The head is in focus but even the back of the colt is starting to blur, it draws your eye to the part in focus.










And yes, he does have teeth now…


----------



## GregH (May 15, 2008)

Thank you I will give it a try, Just need more time in the day.


----------



## chrisstef (Mar 3, 2010)

Greg great changes to the site .. i think it flows really well. Id love to read more about your blacksmithing, that could be another great addition to the site as well. Knowing that something is totally hand crafted using those techniques is awesome. Keep up the work im sure itll pay off for you.


----------



## GregH (May 15, 2008)

Thank you all for your input, it has been a great help.


----------



## Puzzleman (May 4, 2010)

Greg, the site looks very good. Much improved. Not to nitpick but I saw some spelling errors.
1. The picture of the Angel Oak is labeled as Angle Oak. (I transpose a lot of the time, also)
2. The name of the creek that you hike for the walnut trees should be capitalized.

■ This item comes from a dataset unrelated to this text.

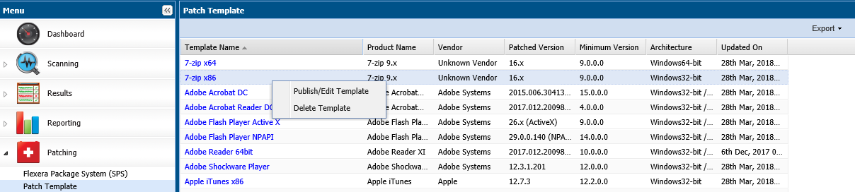 | 1. | From the Patching > Patch Template tab, select the template to be published to WSUS. Right click and select Publish/Edit Template from the context menu. |
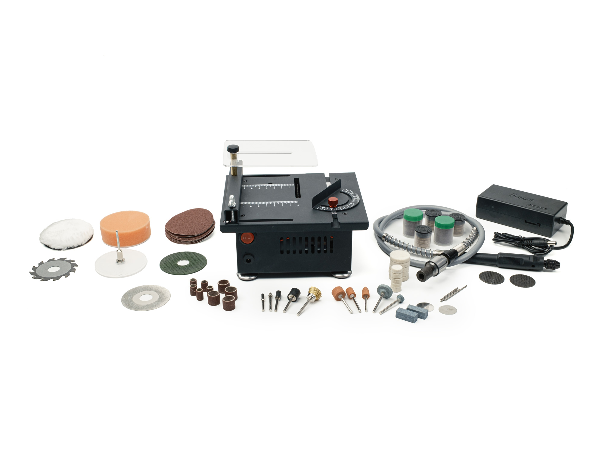 Emballage : mini scie à table, bowden, adaptateur électrique, grand ensemble d'accessoires, clés inbus

Other than that, I like the site very much.


----------



## GregH (May 15, 2008)

Thank you, still a work in progress.


----------



## Kjuly (May 28, 2009)

Hello Greg,
In my opinion there will always be room for tweaking a web site as products evolve,added or deleted. In other words the wed site will never truly be finished. As you say it's a work in progress and not an abundance of time to work on it, something we are all faced with.
As you make these changes keep in mind your goal of " how to build your ranking for natural web searches".
One mistake I made was thinking that a picture of my work is all that I needed but the search engines don't recognize pictures as a search item. They find pictures by the text attached to them. The solution it to label your pictures with searchable text, keeping in mind the relevancy of the information. The challenge is doing this without being too wordy or confusing. I don't think "wordy" is a real word. *)* 
Link building adds validity for the search engines and boosts your ranking. Posting on forums ,like your are doing here, will improve your ranking. FaceBook, Twitter and all of the social media sites help build your presences on the web but remember to always add you web site to your signature line.
Each step is a small piece of the puzzle.
I think that is cool to mix your different skills to produce beautiful tables.
Good Luck
Keith
Good Luck


----------